_Problem details:_ Only the lines from the start of the data below through the line that contains "He came closer, leaning" are to be copied, exactly and without pictures.

=== Exercise inputs ===

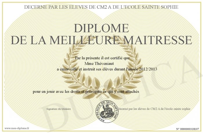 Envoyez par email votre Diplome de la meilleure Maitresse personalisé
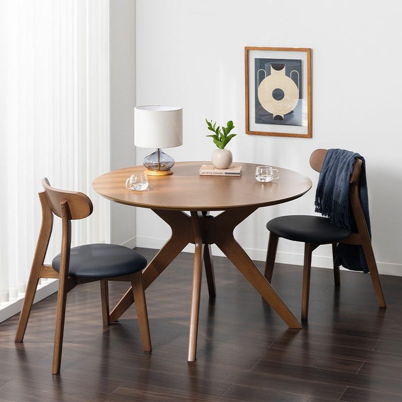角のない円形天板が、お部屋に柔らかな印象を与えるラウンドテーブルのダイニングセット。天然木の豊かな表情を楽しみながら、お手入れのしやすさも妥協したくない。そんな願いを叶える、機能美に優れた一台です。
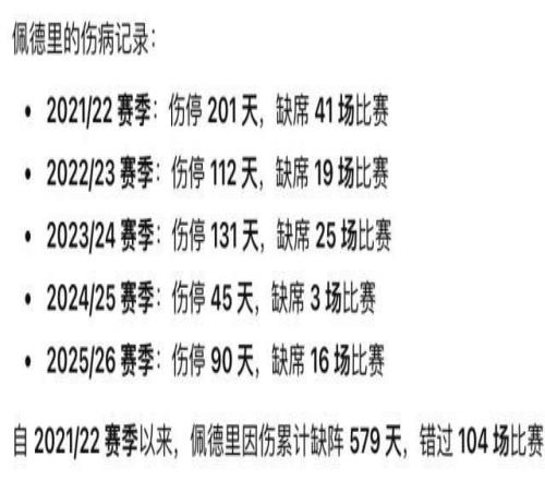 佩德里伤退,或缺阵4-5周
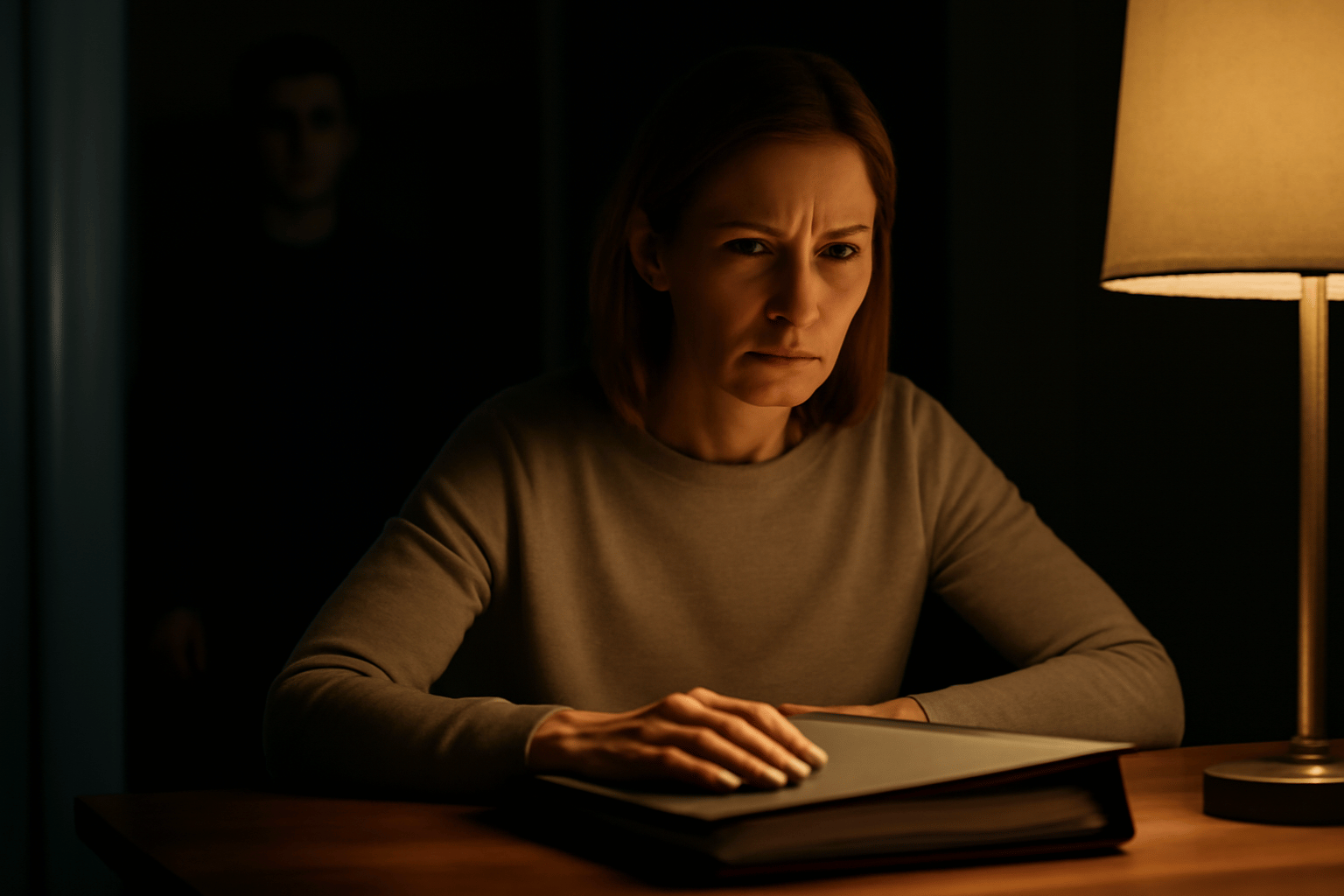 He came closer, leaning over her shoulder. She could smell his mother’s perfume — that heavy floral musk she detested. That scent always arrived before a storm.
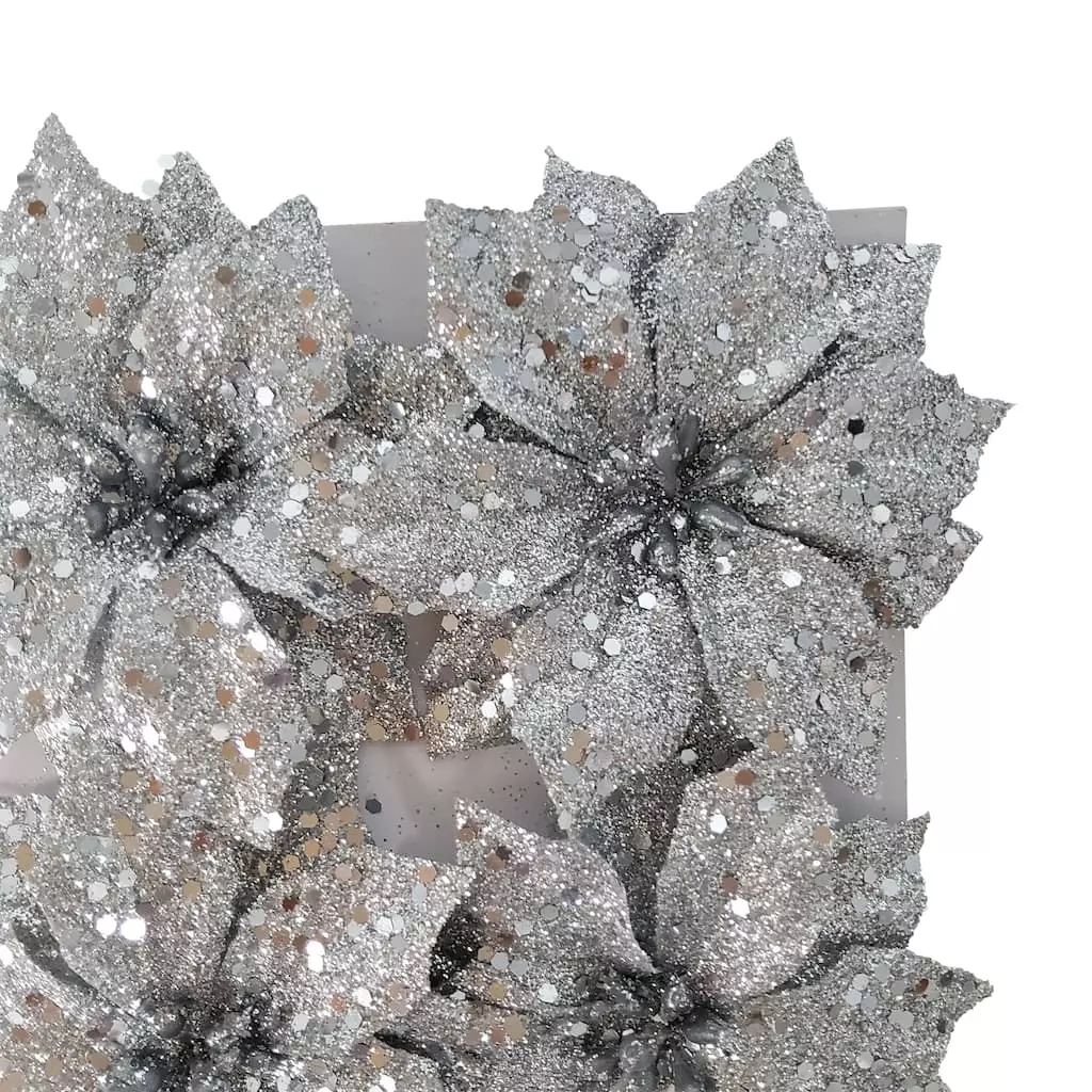 These poinsettia accents are perfect for your DIY holiday projects. Each flower features a beautiful sparkly finish!

===

_Task output:_
 Envoyez par email votre Diplome de la meilleure Maitresse personalisé
角のない円形天板が、お部屋に柔らかな印象を与えるラウンドテーブルのダイニングセット。天然木の豊かな表情を楽しみながら、お手入れのしやすさも妥協したくない。そんな願いを叶える、機能美に優れた一台です。
 佩德里伤退,或缺阵4-5周
 He came closer, leaning over her shoulder. She could smell his mother’s perfume — that heavy floral musk she detested. That scent always arrived before a storm.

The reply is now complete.